Zoledronic acid provides long-term benefit in premenopausal estrogen receptor positive breast cancer patients

At the 2011 CTRC-AACR San Antonio Breast Cancer Symposium, researchers demonstrated the continued effectiveness of treating patients with estrogen receptor-positive (ER+) breast cancer with adjuvant zoledronic acid in combination with adjuvant endocrine treatment. Updated data from the ABCSG-12 study confirmed and extended the results reported at 48 and 62 months of follow-up. Now at 84 months of follow-up, patients are experiencing drastically fewer recurrences of breast cancer and improved rates of survivorship without toxic side effects.

In the phase III ABCSG-12 trial, 1,803 premenopausal patients with early-stage, ER+ breast cancer treated with goserelin were randomly assigned to tamoxifen or anastrozole or each of these two treatments in combination with zoledronic acid for three years. In the initial report, presented in 2008, professor Gnant (Medical University of Vienna, Austria) reported significantly improved disease-free survival. The presented long-term data at 84 months of follow-up revealed a 28% reduction in the risk of recurrence (HR[95%CI]: 0.72[0.56-0.94]; p= 0.014). This finding is in line with the results presented at 48 (HR:0.74), 62 (HR:0.68) and 76 (HR:0.73) months of follow-up. Furthermore, the long-term data revealed a 36% reduction in the risk of death among patients treated with zoledronic acid. The overall survival in the ABCSG-12 study was excellent with 95.5% of the patients still alive after 7 years of follow-up. Moreover, no patients in the study experienced osteonecrosis of the jaw or renal failure, proving the safety of the treatment seven years later.
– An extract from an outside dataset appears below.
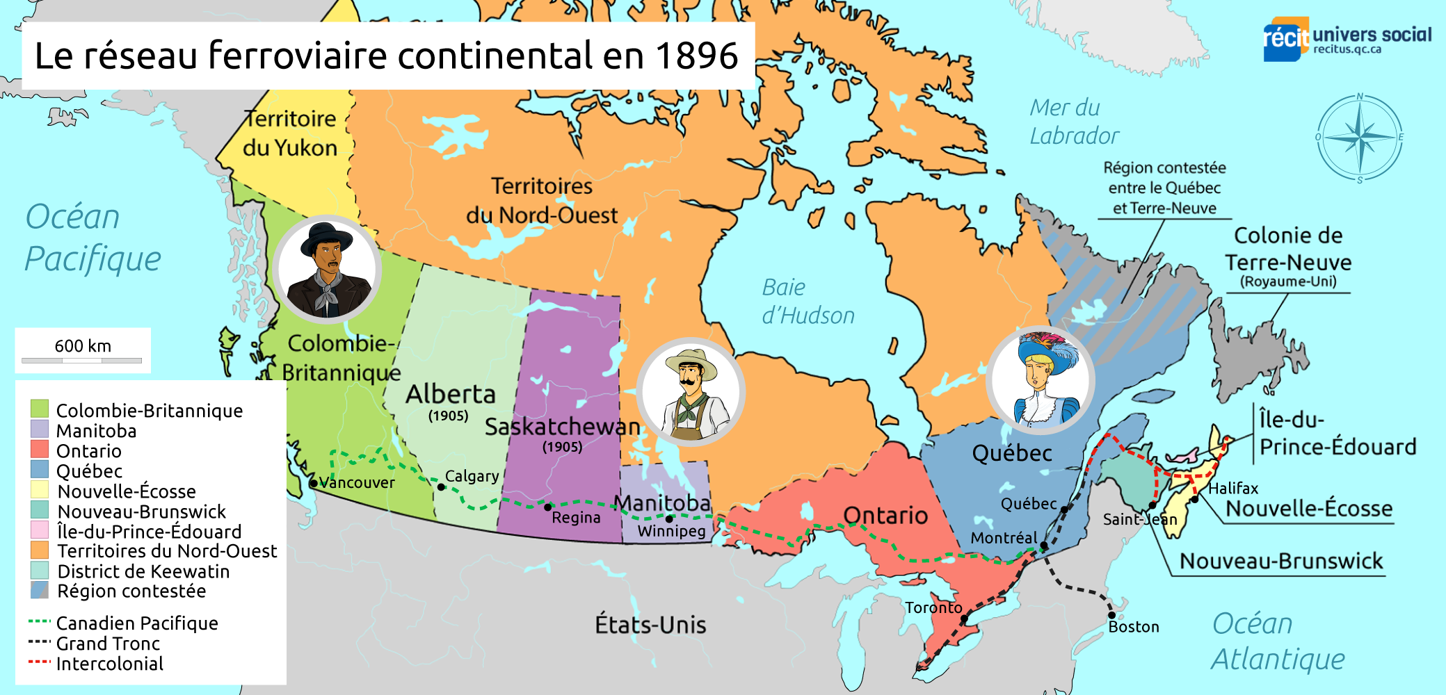 Pourquoi est-il si important? Avant de répondre à cette question, rappelle-toi d’abord qu’en 1905, les moyens de transport sont encore peu nombreux. Les automobiles sont rares dans les Prairies. D’ailleurs, elles le sont aussi à Montréal, la ville la plus importante du pays. Il n’y a pas encore de routes pavées : il s’agit plutôt de sentiers dans la forêt ou la prairie. Il y a bien sûr les chevaux, effectivement indispensables pour se déplacer dans les Prairies, mais ce n’est pas un moyen de transport très rapide. De même, la circulation fluviale est lente et ne se rend pas partout.

Interestingly, Gnant showed that patients older than 40 years of age with a presumed complete ovarian blockage experienced a more pronounced effect than younger patients. Patients older than 40 had a 34% reduced risk of recurrence and a 44% reduced risk of dying. For patients younger than 40 on the other hand, no significant survival benefit was seen (HR[95%CI]: 0.87[0.55-1.36]; p=0.525).
“The anticancer effects of adjuvant zoledronic acid are now well established in endocrine-responsive patients,” said professor Gnant. “Zoledronic acid was shown to be safe and well tolerated in several phase III studies with over 7,000 patients in total. Furthermore, ABCSG-12, ZO-FAST and the postmenopausal subgroup of the AZURE study demonstrated significant survival benefits for adjuvant zoledronic acid.” All these data suggest that adding zoledronic acid to adjuvant endocrine therapy including ovarian function suppression should be considered for premenopausal women with ER-positive early breast cancer.